One thing that happens a lot when you're drawing hands is having to sometimes deal with extreme instances of proportion and perspective. For example when a finger is pointing almost directly at you, or your subject's arm is bent in such a way that the forearm is totally blocking the upper arm. How would would you draw something like these examples? Your logical mind begins to freak out because the portion of the body that you want to draw is angled in such a way that the body part no longer really looks like what it is. Let me show you what I mean. Can you tell what the image is on the right? Click it to find out.
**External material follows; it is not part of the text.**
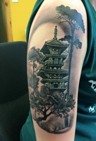 大臂黑灰武士结合亚洲建筑纹身图案
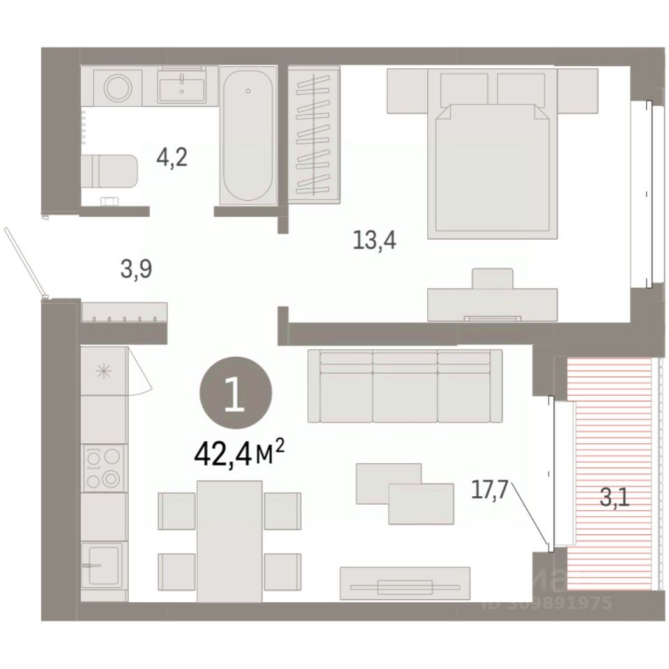 1-комн. квартира с предчистовой отделкой в Кварталы "На Минской" на 4 этаже. Общая площадь: 42.38 кв.м., жилая: 13.4 кв.м., площадь просторной кухни-гостиной: 17.7 кв.м. Все окна выходят на одну сторону. В квартире одна лоджия, один совмещенный санузел. Высота потолков 2.7 м.

What's happening with the pointed finger is that it's at such an angle that it's difficult to tell that it's a finger without seeing the whole hand. Your mind needs a context to place the object that it doesn't understand. So when your mind sees the whole hand, it understands that the object it didn't understand earlier is a finger. This happens a lot in figure drawing, so let's talk about how we can draw objects that are in extreme proportion or perspective (or both).

Click to enlarge

The easy answer is to break the figure down into three dimensional cylinders like we did earlier in this section. When your subject appears daunting, break it down into manageable pieces. So let's look at another hand where all the fingers have extreme perspective. Looking at each finger of this hand, at first look, the fingers appear to be way too short and stubby. But that's because in drawing, we're confined to the two dimensions of the paper. So in order to accomplish drawing this three dimensional hand where the fingers are pointing towards us, we need to visualize the fingers as three dimensional simple cylinders that are easy to draw in perspective. Go ahead and click on the hand and see how the drawing is broken down into cylinders.

Click to enlarge

The fingers above are coming out at you - but the idea of breaking down the figure works just as well when the body part is angling away from you, too. Look for example at the drawing of the bare back. The left upper and forearm (the whole arm) is angling away from your eye. The left forearm is also mostly obscured by the upper arm. With the right arm, the upper arm is pretty much parallel to your eye, but the right forearm is also angling away from your eye. So if you break the arms up into cylinders in your mind, you should be able to visualize how the arms are placed in space, and you should be able to draw simple cylinders to understand the layout of your drawing. Remember, since the arms are angling away from your eye, the arms and hands will appear smaller than they actually are. So it might be better if you did some measuring to get the proper size relationships of the objects to the other objects in your composition.

If you envision your figure as stacks of simple three dimensional cylinders that are angled away or towards your eye, drawing extreme proportion and perspective will become easier and more comfortable for you to draw.